Source material →
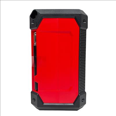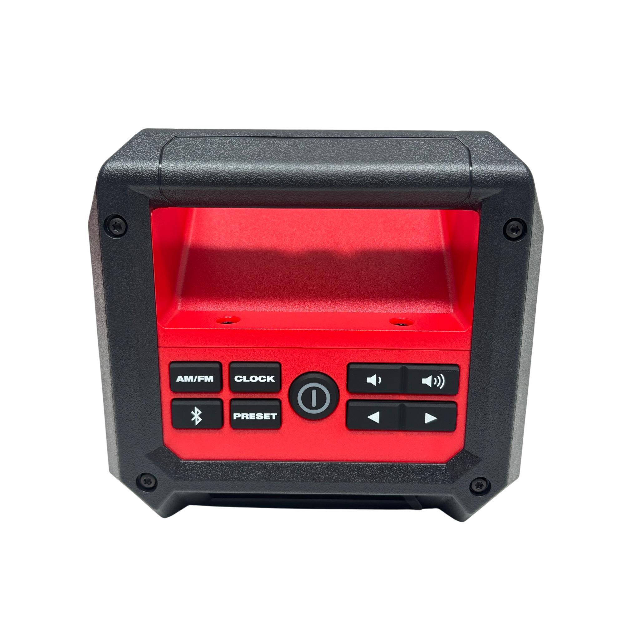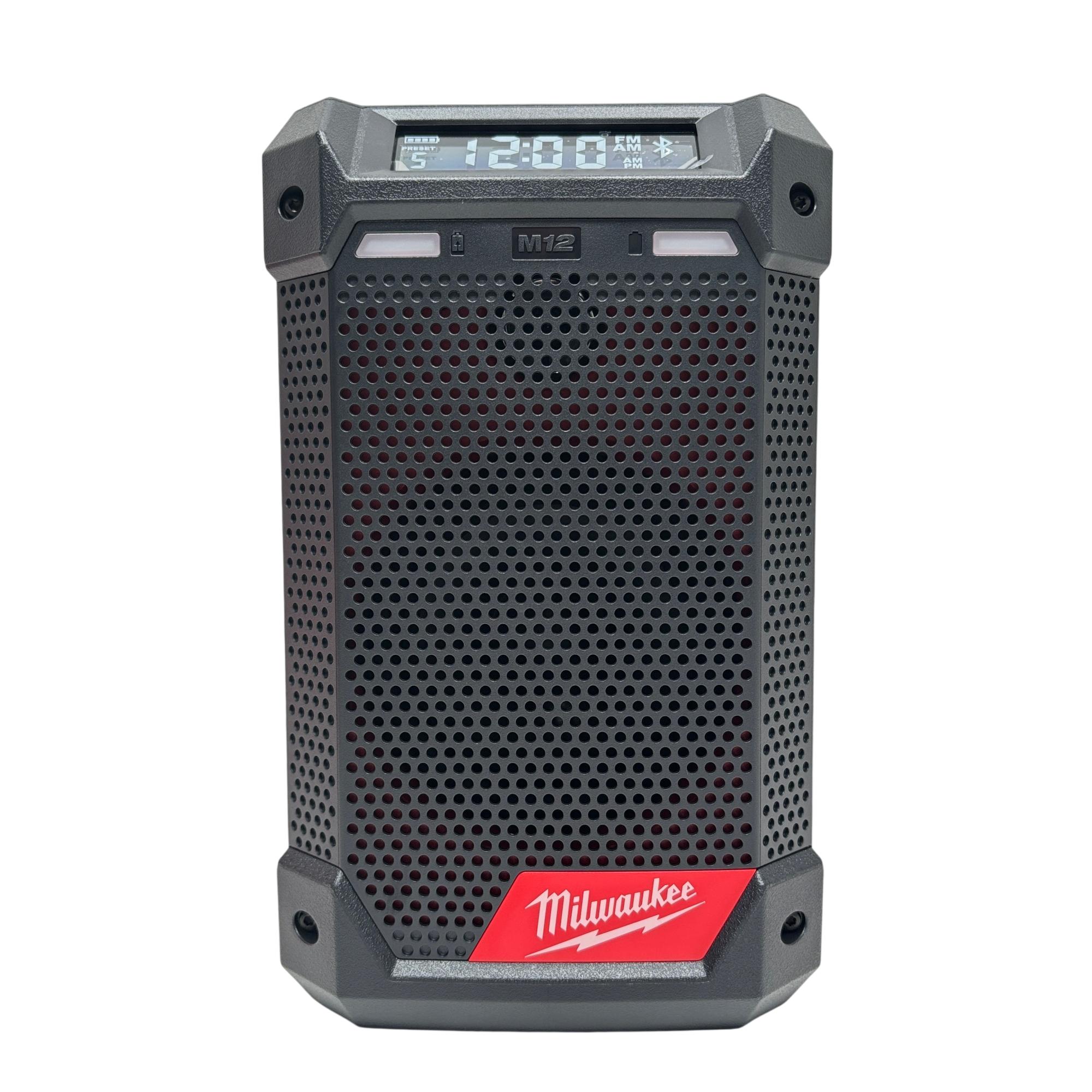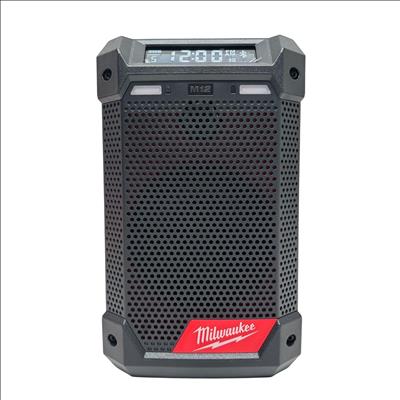 This 12-volt cordless jobsite radio features Bluetooth 4.2 and AM/FM connectivity for versatile audio options. It has a full-range speaker with tweeter for clear mids and highs, a 2.1-amp USB output for charging devices, and a 12-volt DC port for quick battery charging. The integrated design offers multiple hanging options, and its IP54 rating provides water and debris resistance.
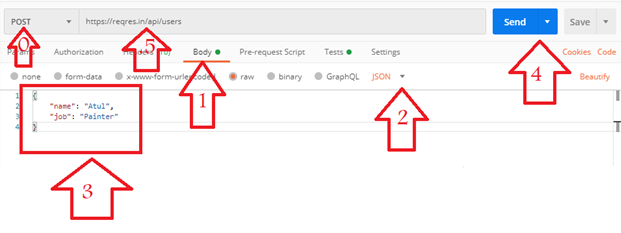 Select Method as GET and URL as https://reqres.in/api/users/1 to fetch the user with Id = 1 and hit the Send button as shown here 1, 2 and 3..
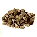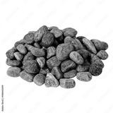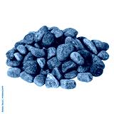Dry rough round dark stones stacked in a pyramid on a white background
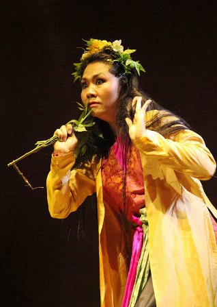 Están escuchando una grabación citada de la obra “Xuy Van gia dai” (Xuy Van, la loca) que cuenta de una muchacha llamada Xuy Van. Este trozo resalta sus sentimientos infelices, que de no ser correspondida en el amor, desea dar por acabada la relación matrimonial para perseguir un nuevo romance. Los actores de la obra son de la conocida compañía “Dong Kinh co nhac” (Música antigua de Dong Kinh). En ese sentido, la noche musical “To nu dan ca” tiene como fondo pinturas populares hechas en el papel “do” del pintor Ly Truc Son, las cuales están actualmente expuestas en el Centro Cultural Francés, Hanoi. Responsable de la decoración y el montaje del escenario, el mismo artista comenta que su manera de decorar el escenario tan particular y lleno de improvisación era como un valor añadido al programa y fue creado apenas un rato antes de que empezara el mismo. “Antes de pintar no tenía muchas ideas, sino que las mismas fueron creadas una tras otra en el momento. Esperé hasta que el telón de fondo fue montado para organizarlas, es como un método de actuación: cuando ocurre un acontecimiento, el actor lo representa en el escenario en el acto. El artista capaz de improvisar, lleva dentro el material y la habilidad, y cuando toca el instante concreto, lo demuestra todo.”

Exercise instructions → Up to and including the line containing "Dry rough round", repeat every line from the start of the data, but none of the pictures.

Answer to the exercise →
 This 12-volt cordless jobsite radio features Bluetooth 4.2 and AM/FM connectivity for versatile audio options. It has a full-range speaker with tweeter for clear mids and highs, a 2.1-amp USB output for charging devices, and a 12-volt DC port for quick battery charging. The integrated design offers multiple hanging options, and its IP54 rating provides water and debris resistance.
 Select Method as GET and URL as https://reqres.in/api/users/1 to fetch the user with Id = 1 and hit the Send button as shown here 1, 2 and 3..
Dry rough round dark stones stacked in a pyramid on a white background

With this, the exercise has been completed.